# IVP find constants to solution

#### find_the_fun

##### Active member
The given family of functions is the general solution of the D.E. on the indicated interval. Find a member of the family that is a solution of the initial-value problem.

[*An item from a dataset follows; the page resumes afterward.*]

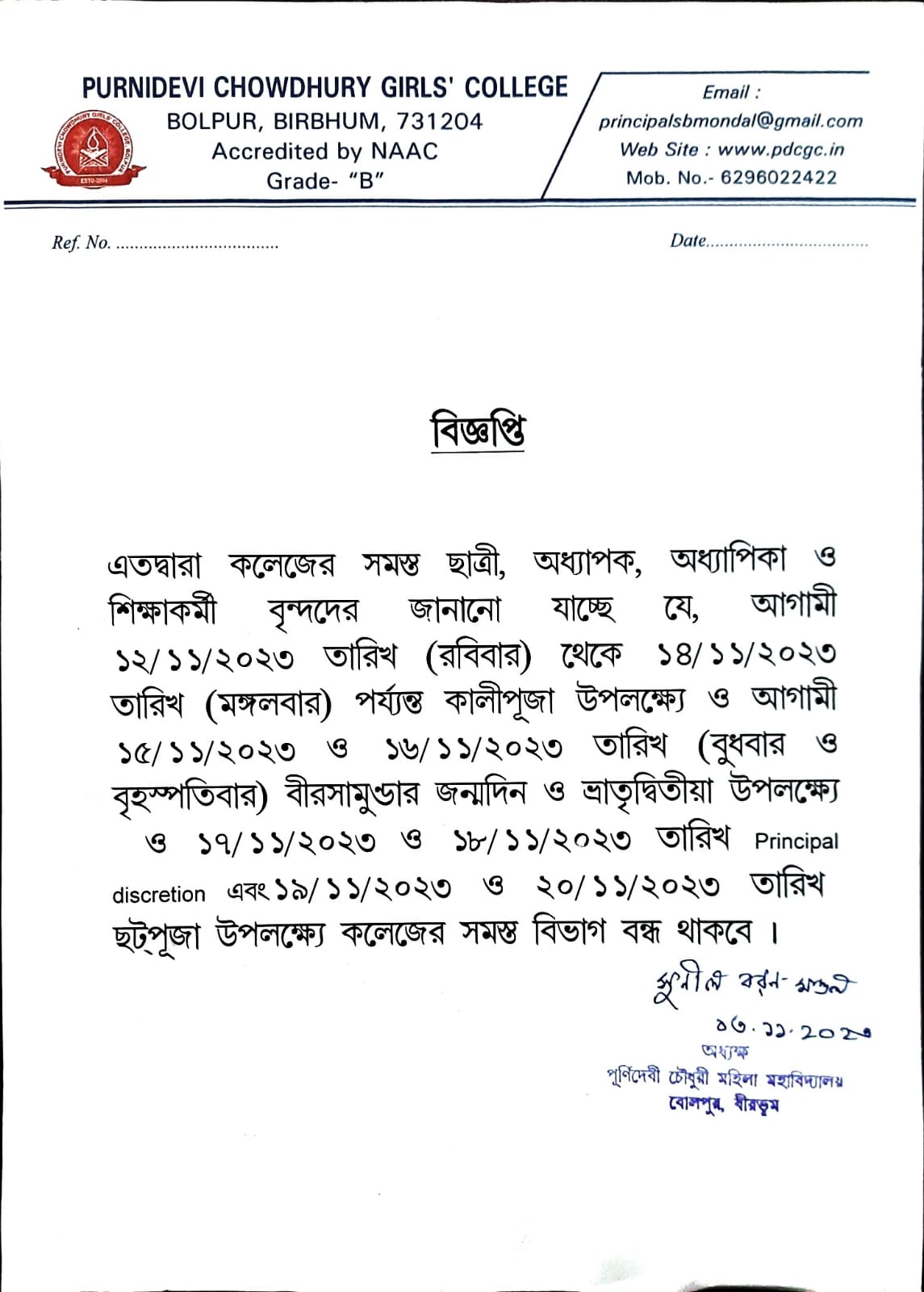 College contacts e-mail :principalsbmondal@gmail.com

$$\displaystyle y=c_1x+c_2x\ln{x}$$ on $$\displaystyle (0, \infty)$$ and $$\displaystyle x^2y''-xy'+y=0$$ and y(1)=3, y'(1)=-1

So plugging in y(1)=3 gives $$\displaystyle 3=c_1+c_2\ln{1}$$ and then take the derivative to get $$\displaystyle y'=c_1+c_2 \ln{x} +c_2$$ subbing in $$\displaystyle -1=C-1+c_2\ln{1}+c_2$$

adding 3 times the second equation to the first give $$\displaystyle 0=4c_1+4c_2\ln{1}+3c_2$$
What next?

#### MarkFL

Staff member
Okay, we have:

$$\displaystyle y(1)=c_1=3$$ (recall $\log_a(1)=0$)

$$\displaystyle y'(1)=c_1+c_2=-1$$

Now the system is easier to solve.

#### find_the_fun

##### Active member
Okay, we have:

$$\displaystyle y(1)=c_1=3$$ (recall $\log_a(1)=0$)

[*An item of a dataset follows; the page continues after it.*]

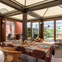 The well-protected winter garden with a view allows you to stay outside even in windy and rainy weather. The large terrace in front of the house invites to linger at any time of the day.

$$\displaystyle y'(1)=c_1+c_2=-1$$

Now the system is easier to solve.
Ok but we never used $$\displaystyle x^2y''-xy'+y=0$$ Why was that in the question?

#### MarkFL

Ok but we never used $$\displaystyle x^2y''-xy'+y=0$$ Why was that in the question?
$$\displaystyle x=e^t$$
$$\displaystyle y=x^r$$